Even people who have markers indicating that a chemical has initiated cancer are not necessarily doomed. Their fate depends not only on genetic makeup but also on their immune system and diet, whether they’re spared further exposure to carcinogens, whether they’re monitored for early signs of tumors. What is a good gene and what is a bad gene depends on how you treat it. That means eating foods, such as broccoli and other sources of beta carotene, that protect against cancer, for instance.
Although cancer is the prime target, ecogeneticists have other prey. Atherosclerosis, the nation’s No. 1 killer, has a handful of almost-causes–“almost” because eating a high-fat, low-fiber diet only sometimes causes heart disease. Ecogeneticists are finding out why.

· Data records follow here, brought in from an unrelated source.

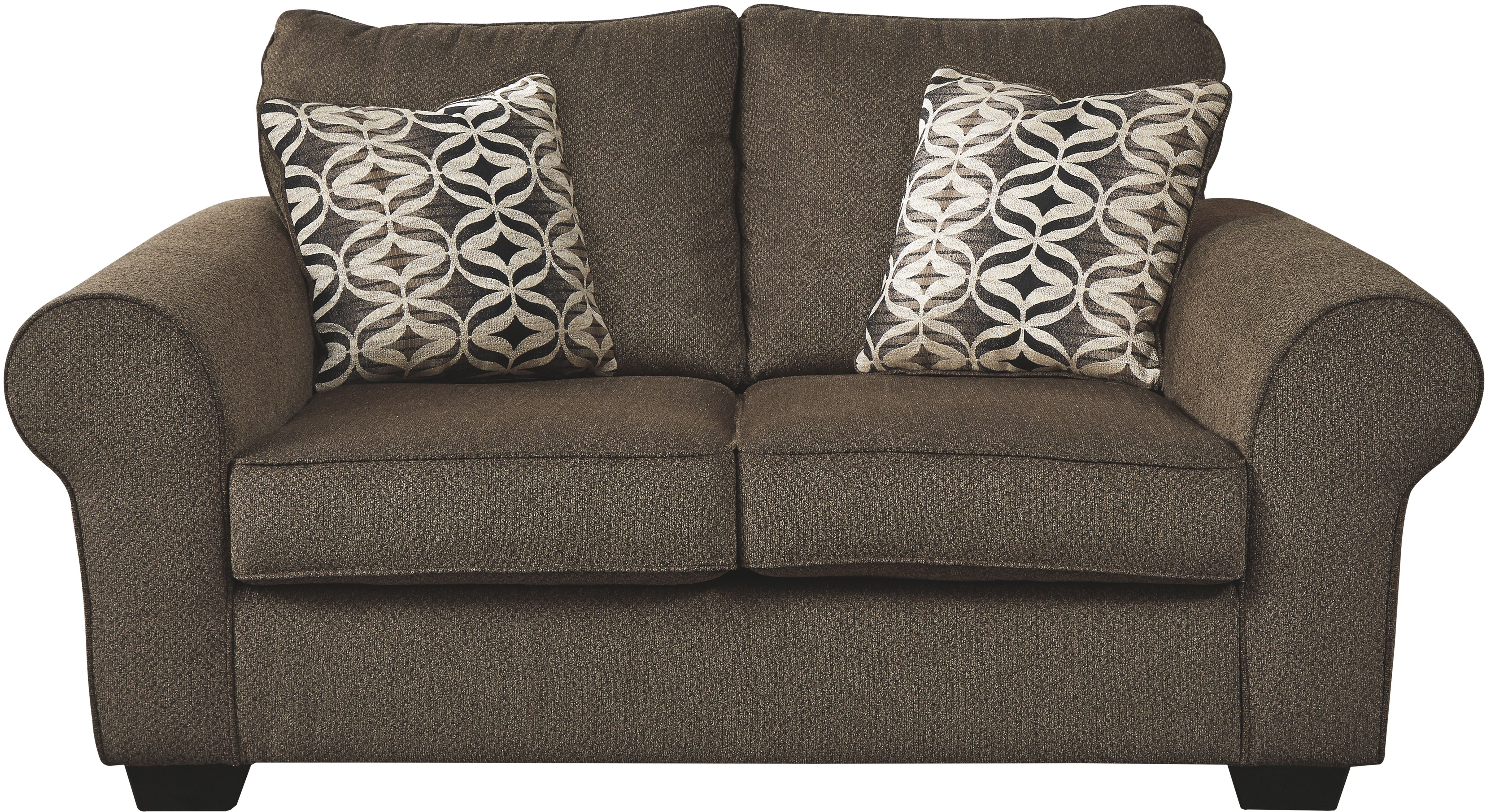 Frame constructions have been rigorously tested to simulate the home and transportation environments for improved durability. Frame components are secured with combinations of glue, blocks, interlocking panels and staples. Seats and back spring rails are cut from mixed hardwood and engineered lumber. Stripes and patterns are match cut. All fabrics are pre-approved for wearability and durability against AHFA standards. Cushions are constructed of low melt fiber wrapped over high quality foam. Style features toss pillow w/welt.
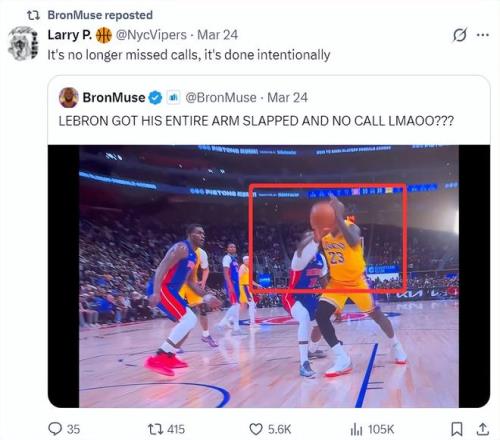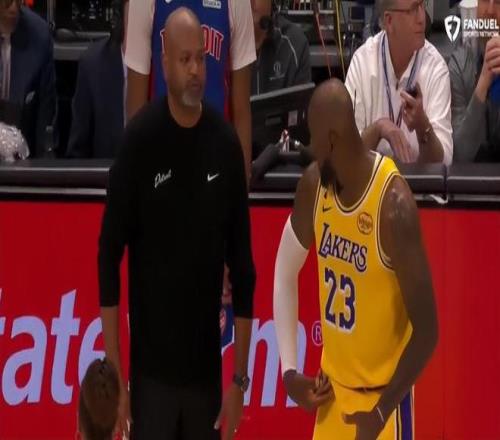 在對陣活塞的比賽中,詹姆斯只出手10次,外線投籃2次,其余八次都在三秒區內可他只獲得3次罰球,而且這場比賽有兩個爭議判罰,第一節詹姆斯明顯被打手但活塞挑戰成功,第四節詹姆斯封蓋后活塞則挑戰成功是一個干擾球。41歲的勒布朗多次被裁判針對。
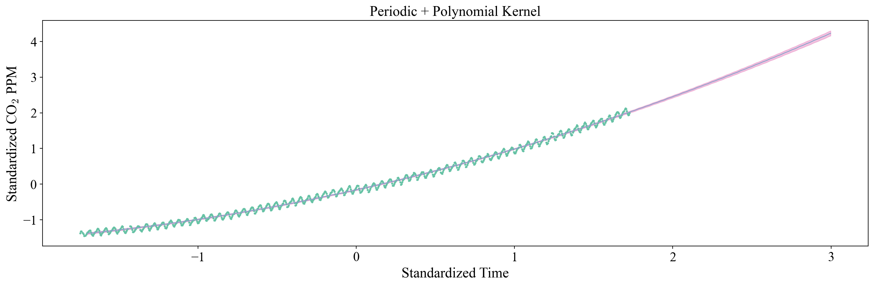 Figure 11: GP regression with the periodic + polynomial kernel fails to reproduce oscillatory behavior.
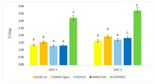 Activity (U/mg) of superoxide dismutase enzymes (SOD1 and SOD 2) in the liver of newborn piglets (first day of life) from gilts fed diets supplemented with fish oil, algal oil, and their nanoparticles. Bars labelled with different letters (A–E) differ significantly (p < 0.01).
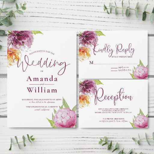 Elegante diseño de Boda acuarela floral. Si desea cambiar las fuentes, haga clic en personalizar más adelante. Por favor, visite mi tienda para más productos a juego.
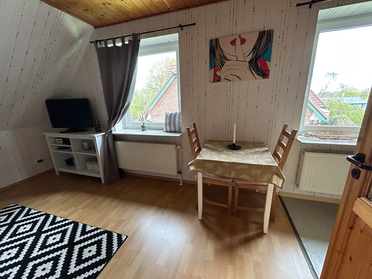 Die Wohnung lädt auch bei typisch Norddeutschem (Schmuddel-) Wetter zum Verweilen ein. Sie wurde 2025 energetisch saniert und verfügt über ein nachhaltiges Heiz- und Stromkonzept. Die Wohnung mit 2 Schlafzimmern und einem großzügigen Wohn- Essbereich befindet sich im 1. Obergeschoss, bietet ausreichend Platz für 4 Personen. Sie befindet sich in einer sehr ländlichen Umgebung, die zum Genießen und Spazierengehen einlädt und ist doch sehr zentral gelegen.

A defect in chromosome 6 makes the body produce sky-high levels of an artery-clogging lipoprotein, says Kare Berg of the University of Oslo. This raises the risk of premature heart attacks; about 25 percent of the population has the gene glitch. The good news is that it “is one risk factor we can test for,” Berg says. A simple blood test will tell the tale: people with this gene defect are definitely at greater risk of heart disease. And they will certainly benefit from low-fat diets. While it’s irresponsible to say that people without the defect can wallow in fat, it may be possible to identify individuals whose genes fend off heart disease.
By the year 2000, calculates I. Bernard Weinstein of Columbia University, cancer will surpass heart disease as the leading cause of death in the United States. One in three people alive today will die of it. Ecogenetics maybe the best hope of preventing many of those deaths, by protecting susceptible people. “Molecular epidemiology is where all the excitement will be in the years ahead,” says Berg. “We will be able to say, ‘Yes, you are at risk’.” But that raises ethical quandaries. This week a House Government Operations subcommittee is expected to hold hearings on the potential misuse of genetic information-looking at such issues as whether insurers or employers may mandate screening for genetic susceptibility to cancer or other diseases. Voluntary screening is less problematic. An Individual Risk Assessment may soon become one IRA that everyone wants in his portfolio.